Михайлов молчал. Что-то давило ему горло, и он чувствовал себя таким маленьким и ничтожным, что в эту минуту не мог бы сопротивляться самому грубому оскорблению, самому наглому вторжению в свою душу.

— Скажите, пожалуйста, — дерзко и властно начала Евгения Самойловна, понимая его состояние, чувствуя его беспомощность и мстительно наслаждаясь, — не кажется ли вам, что ваша роль в этой истории не из красивых?

Михайлов дернулся всем телом, точно силы мгновенно вернулись к нему. Кровь залила ему лицо, в глазах потемнело.

— Я никому не даю права… — хрипло выговорил он.

Евгения Самойловна дерзко засмеялась.

— Я и не прошу его у вас!.. Вы можете выпрямляться как угодно, я не испугаюсь!.. Я хотела вам сказать и скажу, что…

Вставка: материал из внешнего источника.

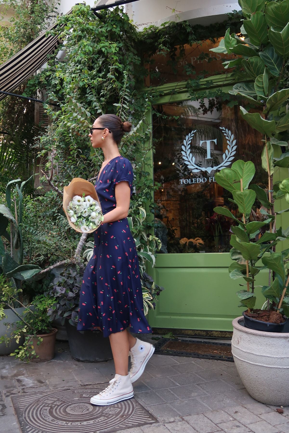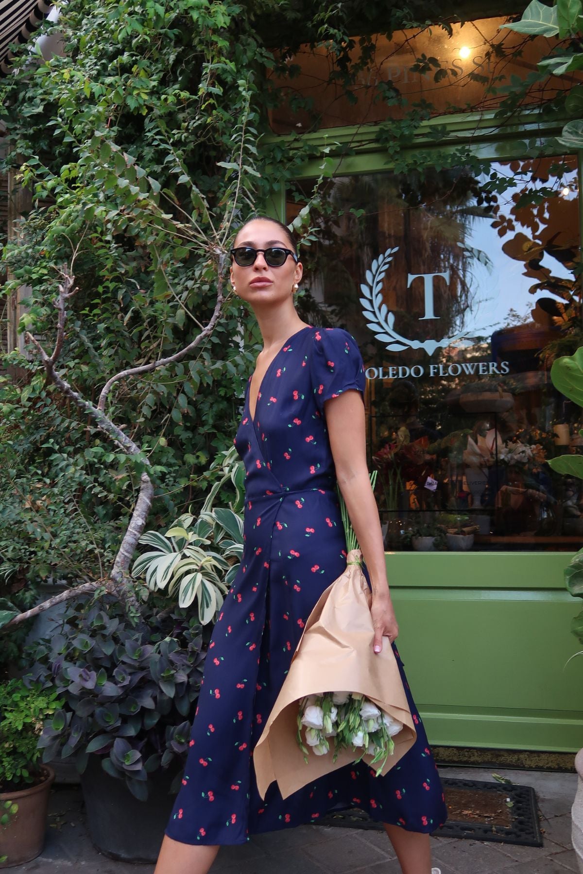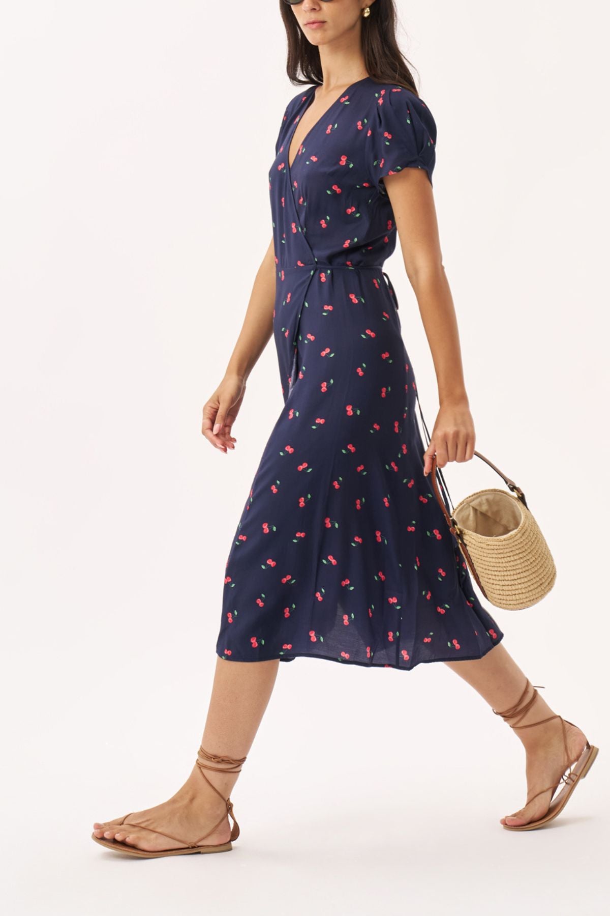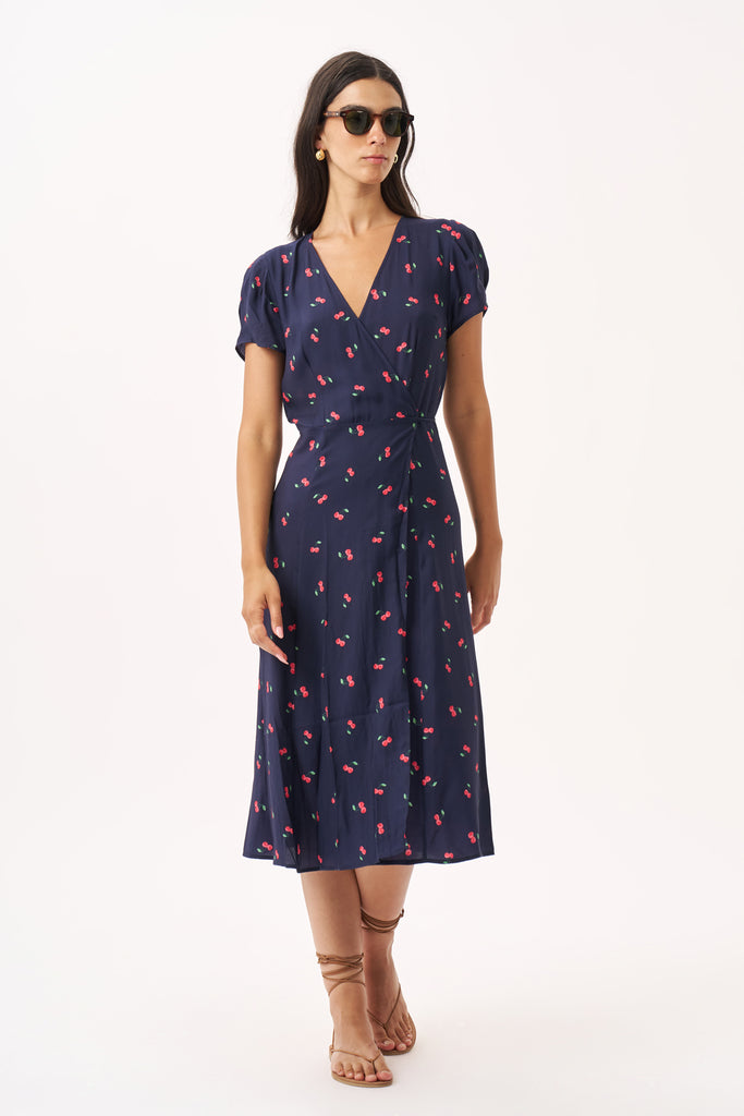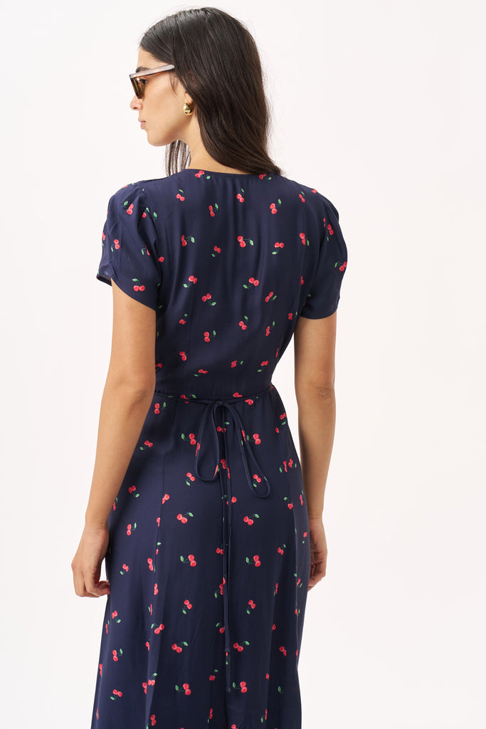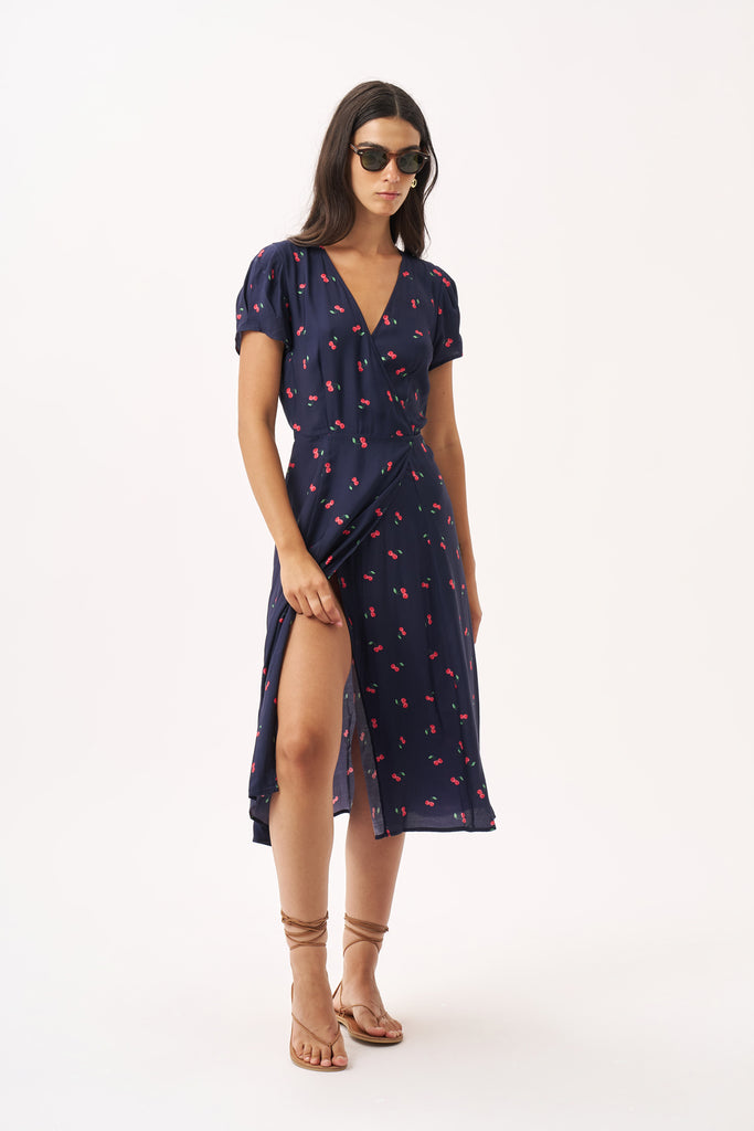 שמלה באורך מידי בגזרת מעטפת הדפס דובדבנים נייבי
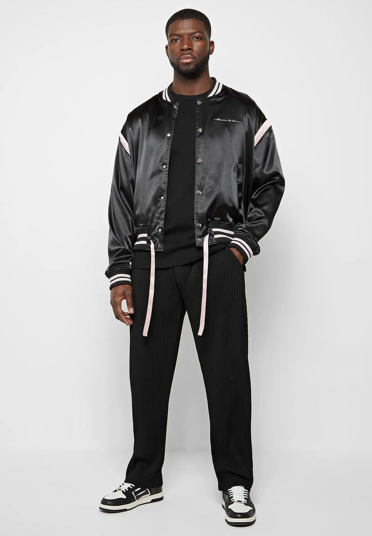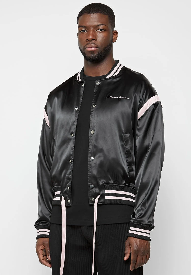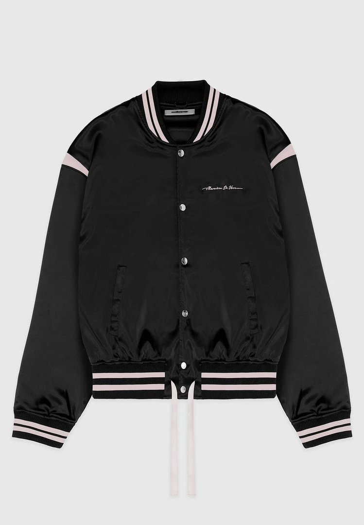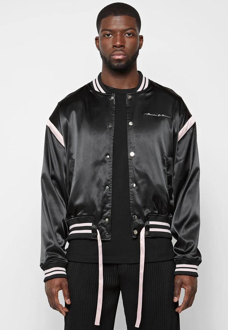 Satin Varsity Jacket with Embroidery Dreamer Slogan
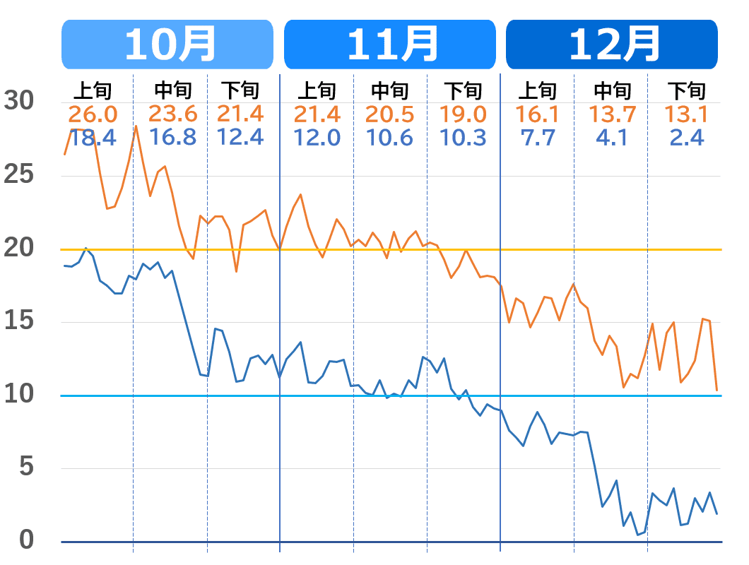 最低気温が10℃未満になる頃は、日中の最高気温は20℃前後です。朝晩は肌寒さを感じるようになります。日中の最高気温が10℃を下回ると冬本番です。
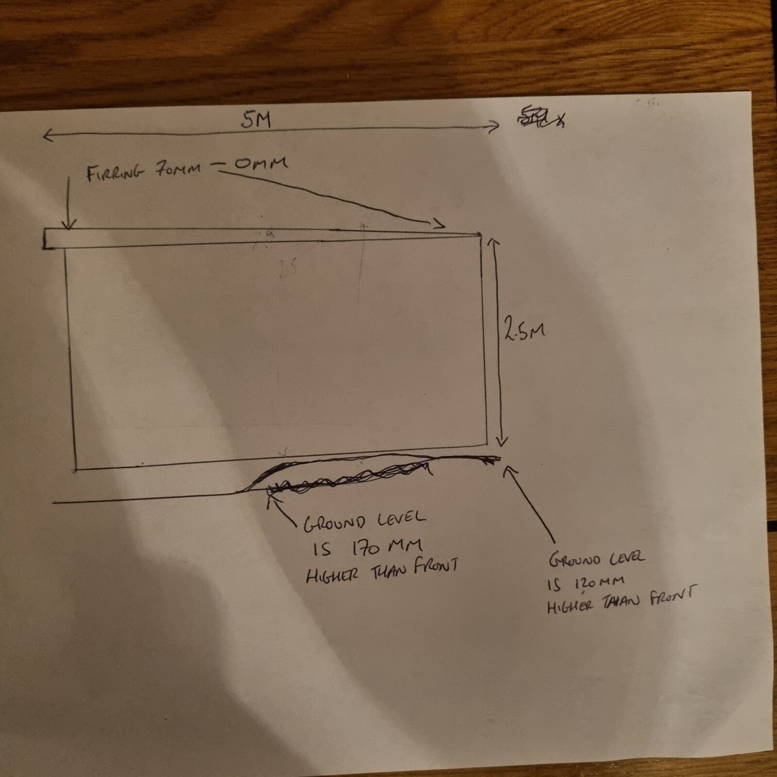 My garden is on a slope. The back of the proposed build being 120mm higher than the front and it actually goes up to 170mm in the middle before dropping down to the front. My question is, if I take the height from the back of the build, can I run a firring front to back from 70mm down to zero and it not be included in the height. So the back of the build will be 2.5m and front 2.7 ish allowing for upstand.
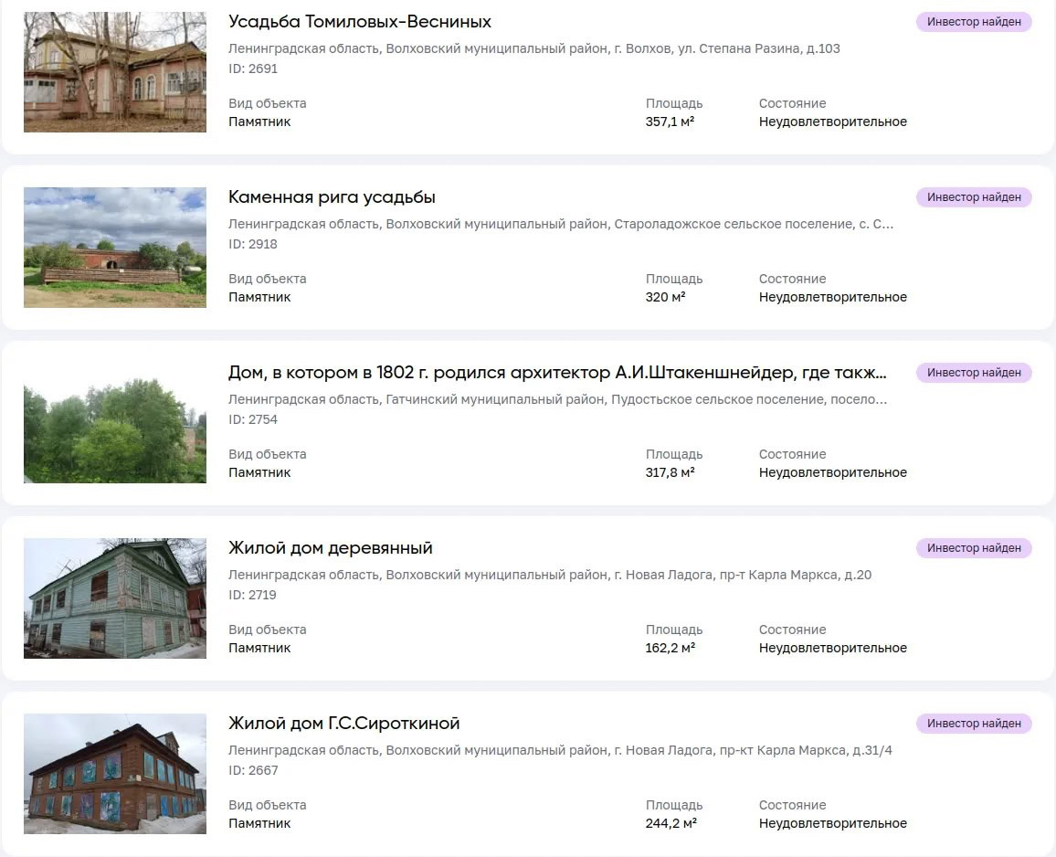 Пять объектов культурного наследия регионального значения из Ленинградской области, нуждающиеся в реставрации, нашли инвесторов. Вторую жизнь обретут усадьба Томиловых-Весниных в Волхове, каменная рига усадьбы в Старой Ладоге, дом архитектора Штакеншнейдера в поселке Мыза-Ивановка, а также два дома в Новой Ладоге.
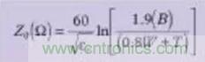 用于帶狀線的特征阻抗計算公式如(公式七)所示:
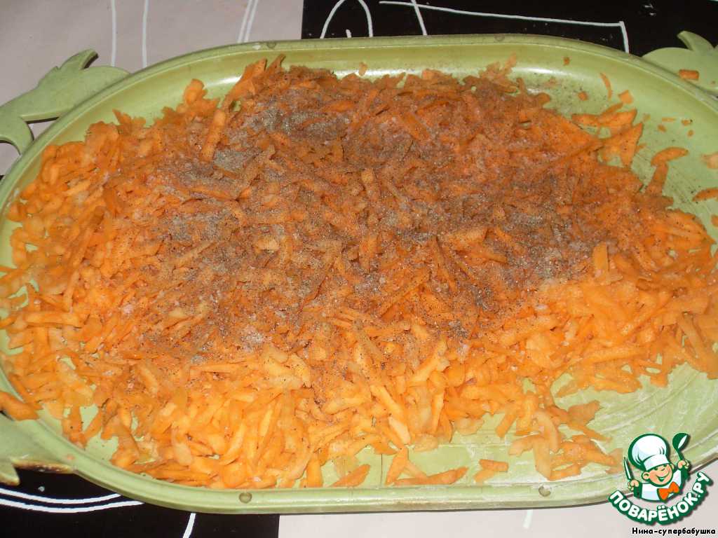 Морковь очистить и натереть на крупной терке. Слегка присолить и поперчить.
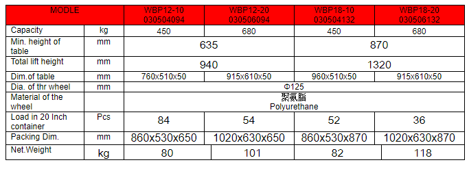 WBP Electrical Hydraulic Lift Table
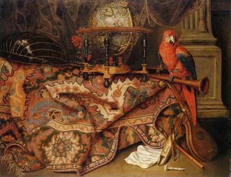 View Original:Willem_Gabron_-_Still_Life_with_Turkish_Carpet_and_a_Parrot.jpg (800x612)
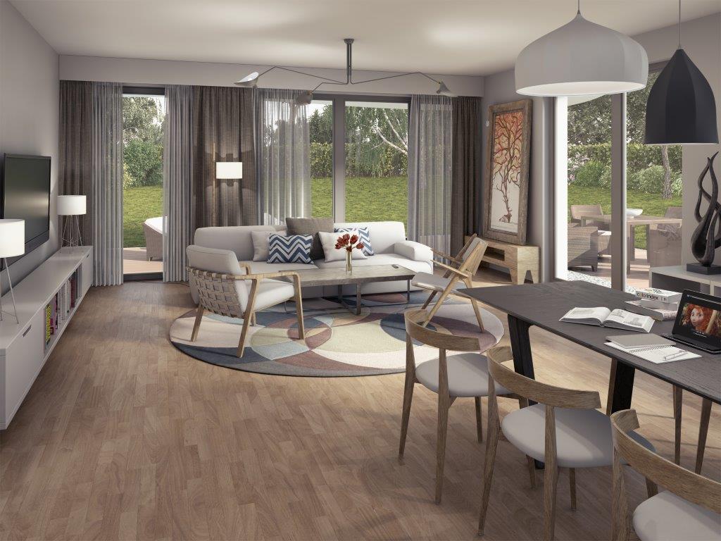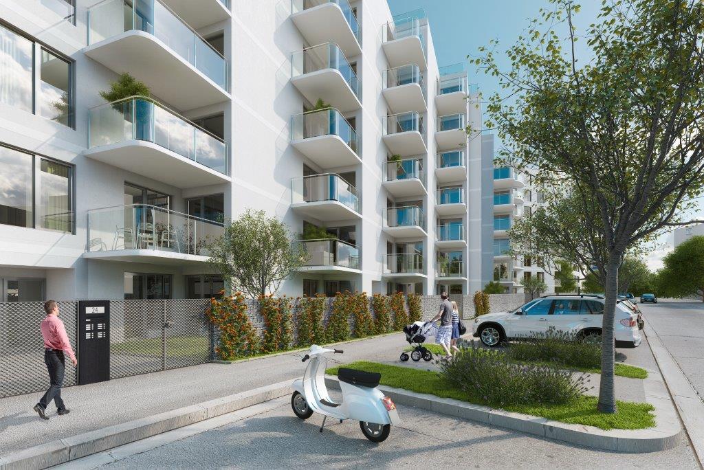 Such a high energy efficiency has been achieved by using a modern materials along with the smart ventilation systems. These two solutions helped to reduce energy consumption to very low level. An effective air-exchange (without need of opening the windows) in the apartmens can be done by using a modern heat recovery ventilation systems by Paul and modern triple glazed windows.

Михайлов сделал движение к ней. Он был как безумный, и, может быть, скажи она еще одно слово, он ударил бы ее по красивому дерзкому лицу. Но Евгения Самойловна вдруг откинулась назад, звонко и насмешливо засмеялась ему в лицо и, быстро повернувшись, побежала назад.

Михайлов остался на месте, и ему казалось, что он с головой погружается в какую-то липкую зловонную грязь.

Толстый грузный доктор Арнольди уныло взял его под руку и увел.

XXIX

Тренев и поручик Тоцкий стояли в прихожей и прощались с адъютантом. Тренев был бледен и мрачен, поручик надут и важен. Все было переговорено, и адъютант, покачиваясь с ноги на ногу, очевидно, ждал, когда они уйдут. И Тренев это чувствовал. Как всегда, он ненавидел этого красивого, с холодным и наглым лицом, офицера, ненавидел его высокомерный тон, его металлические глаза, его твердый, крупный подбородок. Но почему-то трудно было уйти.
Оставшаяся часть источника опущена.